Mr Smith, who was part of a small Victoria Police unit investig­ating domestic violence and sexual assaults, has spoken publicly for the first time in The Australian’s podcast Ballarat’s Children.

He said he had received minim­al support from his commanding officers as he pursued alleg­ations of child sexual abuse against former Christian Brother Edward (Ted) Dowlan.

“I recall saying to someone — and it probably would have been the chief inspector — ‘these files and all these clerical complaints should have been handled by a taskforce’,” Mr Smith said.

“You’re like a one-man band …. as it goes up the ladder, it’s just ­another file.”

Victoria Police did not establish a taskforce specifically dealing with child sexual abuse until 2012, when the Sano taskforce was formed to investigate alleg­ations aired at a parliamentary ­inquiry into abuse involving relig­ious and non-government organ­is­ations, as well as at the Royal Commission into Institutional Responses to Child Sexual Abuse.

Mr Smith’s work helped convict Dowlan and saw the former teacher sentenced in 1996 to 6½ years in jail for abusing 11 victims.

Last year Dowlan pleaded guilty to a further 24 charges involving 20 victims and was sentenced to a further six years.

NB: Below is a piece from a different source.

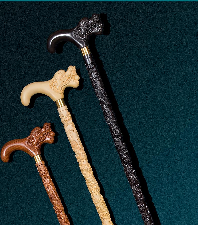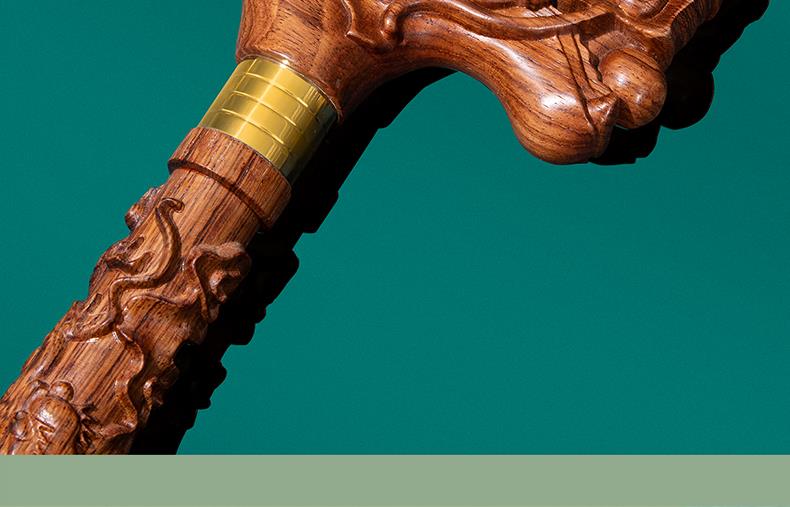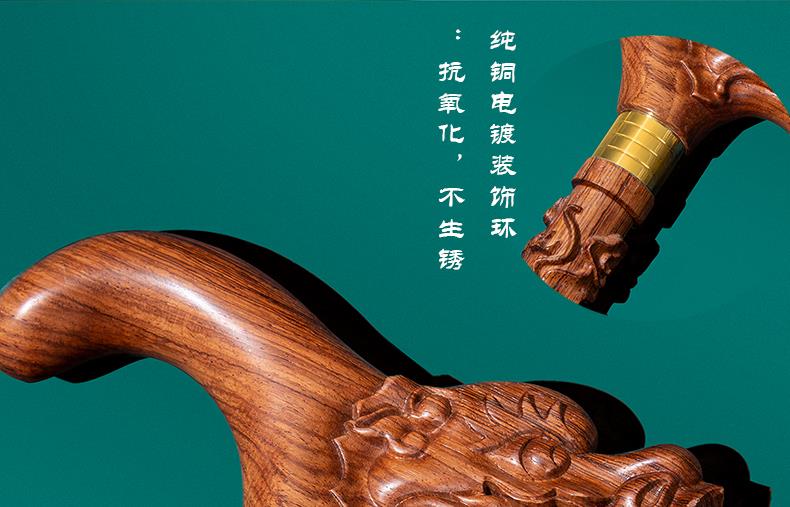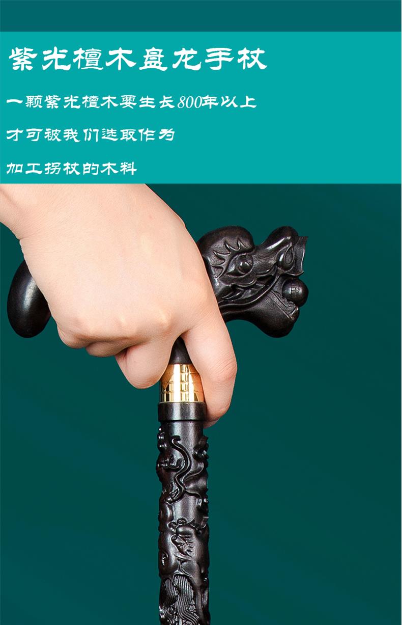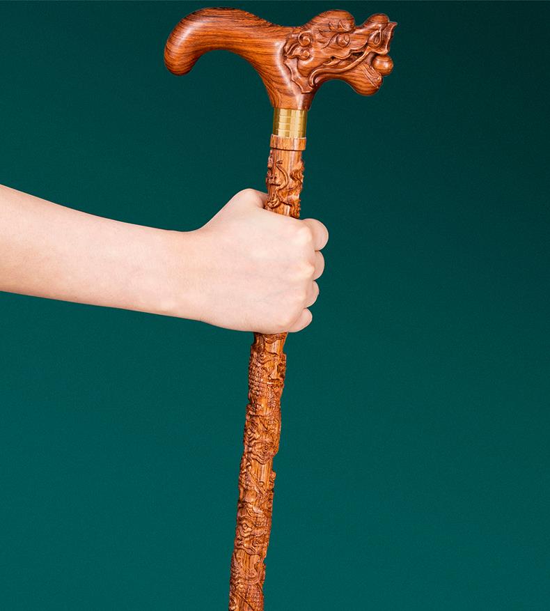 SAM老人柺杖實木手杖木質柺杖龍頭紅木盤龍柺棍黃花梨木禮品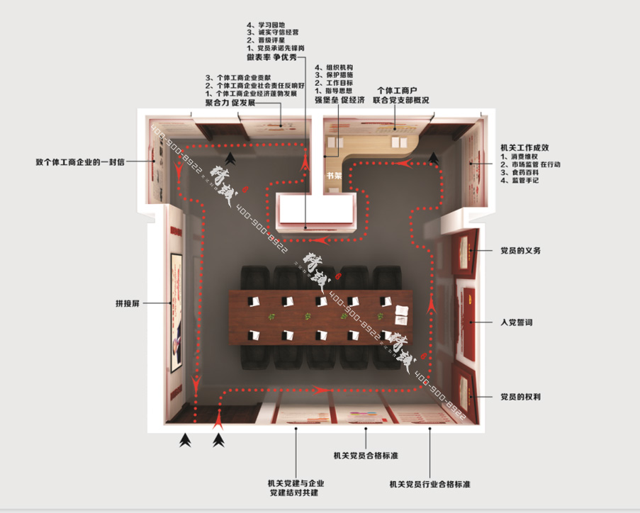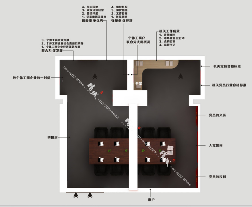 安康鎮(zhèn)坪縣市場監(jiān)督管理局城關(guān)個體工商戶聯(lián)合黨支部活動中心匯報方案-效果圖

His convictions relate to stud­ents at six schools: St Alipius and St Patrick’s College in Ballarat, St Thomas More College in Forest Hill, Warrnambool Christian Brothers College, Chanel College in Geelong and Cathedral College in East Melbourne.

The diocese of Ballarat, covering one-third of Victoria, is ­Australia’s most scandal-plagued Catholic diocese, with thousands of sex-abuse victims, mainly from the 1960s, 70s and 80s.

The podcast reveals direct­ accounts of how allegations against pedophile clergy were dismissed or actively suppressed.

In the latest episode, Without let or restraint, available today, former Victoria Police chief commissioner Mick Miller speaks ­further of the force’s efforts to bury allegations against monsig­nor John Day, as well as of the ­investigation run by Mildura ­detective Denis Ryan.

Mr Miller, 90, has told The Australian there was a conspiracy, involving officers from the then chief commissioner Reg Jackson down, to interfere in Ryan’s investig­ation against Day, who died in 1978 having abused as many as 500 children in the Mildura area.

“I can’t say if this was a one-off,” Mr Miller said. “I scarcely think it would have been.”

Mr Smith was thrown into the murky world of clerical pedophilia when a victim came to his ­station in Blackburn in Melbourne’s east in 1993, asking to speak to a female officer.

The man eventually broke down and revealed he had been sexually assaulted by Dowlan at Cathedral College.

“I just couldn’t believe how bad it was, and how extensive it was, and how blatant it was,” Mr Smith said.

“I was blown away by the whole thing.”

Mr Smith said he had received no co-operation from the church or the Christian Brothers specifically during his investigation.

“The whole thing was just a total fight,” he said.